Gross margin for Q1 2024 decreased 82% to $94,000 compared to $537,000 for Q1 2023 reflecting the decline in revenues and the equivalent lower costs that were largely in-line with the revenue decrease. The gross margin was improved in our technology systems business despite the relatively small revenue recorded.

 

Operating expenses for Q1 2024 increased 6% to $2.86 million compared to $2.68 million for Q1 2023. The increase in expenses is attributed to investment in sales resources for expanding the commercial team. This was offset by reductions in R&D and administrative costs due to the completion of certain activities and the impact of previously implemented cost reductions.

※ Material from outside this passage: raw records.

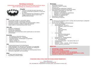 Commerciële mindset en commitment creëren De inhoud van de workshops wordt in overleg met de opdrachtgever vastgesteld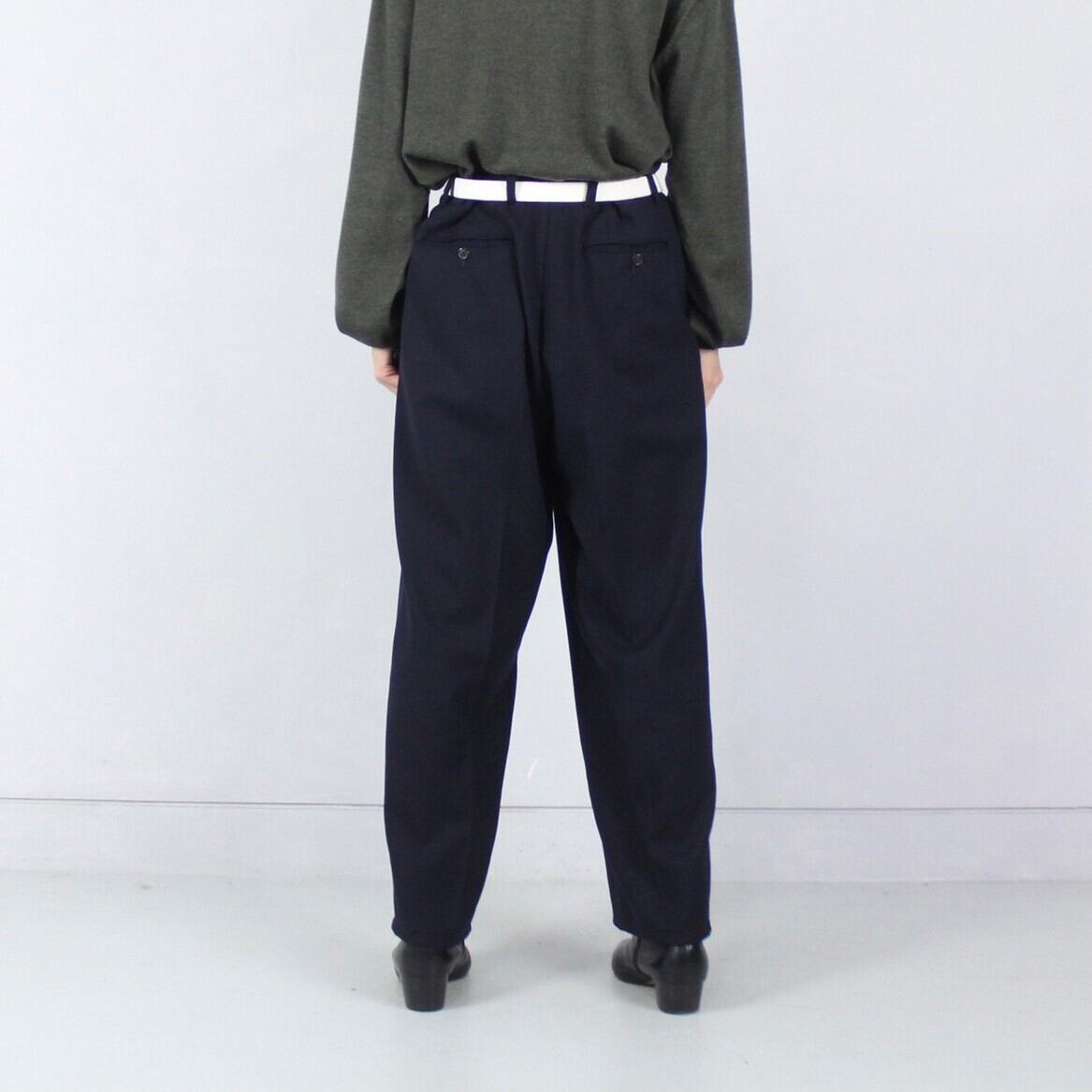 ウエスト周りに動きの出る2タックでモモからドッと落ちるワイドなシルエットのパンツ。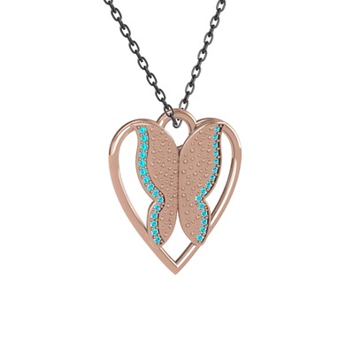 Akuamarin 18 ayar rose altın kolye (40 cm gümüş rolo zincir)

Stable operating expenses are expected for the remainder of 2024 while we continue to focus on further efficiencies to support anticipated revenue growth.

 

Net operating loss for Q1 2024 totaled $2.76 million compared to net operating loss of $2.15 million for Q1 2023. Operating losses were higher than the comparative quarter a year ago, but the increase was proportionally less than the relative decrease in revenues and gross margin should have produced.

 

Net loss for Q1 2024 totaled $2.75 million compared to net loss of $2.14 million for Q1 2023. The 28% increase in net loss was mostly attributed to the decrease in revenues as described above from timing delays along with growing expenses but was smaller than expected as we were successful in driving higher margins from our project business, a trend which is expected to continue.

 

Cash and cash equivalents at March 31, 2024 totaled $2.98 million compared to $2.44 million at December 31, 2023. In addition, the Company had over $1.5 million in receivables and contract assets for a total of approximately $4.5 million in cash and expected short-term liquidity.

 

 
 

 

Financial Outlook

At the end of the first quarter, the Company’s contracts in backlog and near-term renewals and extensions is now more than $10 million in revenue, of which approximately $7 million is expected to be recognized during the remainder of 2024. The balance of contract backlog is comprised of multi-year service and software agreements as well as project revenues.

 

Duos anticipates an improvement in operating results to be reflected over the course of the full year in 2024. As a result of timing and other factors, the Company expects revenues in the second quarter of 2024 to be in-line with the first quarter of 2024 before ramping up in the latter half of the year.

 

Management Commentary

"The Company made solid progress in Q1 particularly in the area of new business development, patent awards and building the foundation for our subscription data offering." said Chuck Ferry, Duos CEO. “While our Q1 results were anticipated, my expectation is that we will deliver growth, particularly in the second half as the results of all our initiatives become booked revenues as indicated by the increase in backlog.”

 

Conference Call

The Company’s management will host a conference call today, May 13, 2024, at 4:30 p.m. Eastern time (1:30 p.m. Pacific time) to discuss these results, followed by a question-and-answer period.

 

Date: Monday, May 13, 2024

Time: 4:30 p.m. Eastern time (1:30 p.m. Pacific time)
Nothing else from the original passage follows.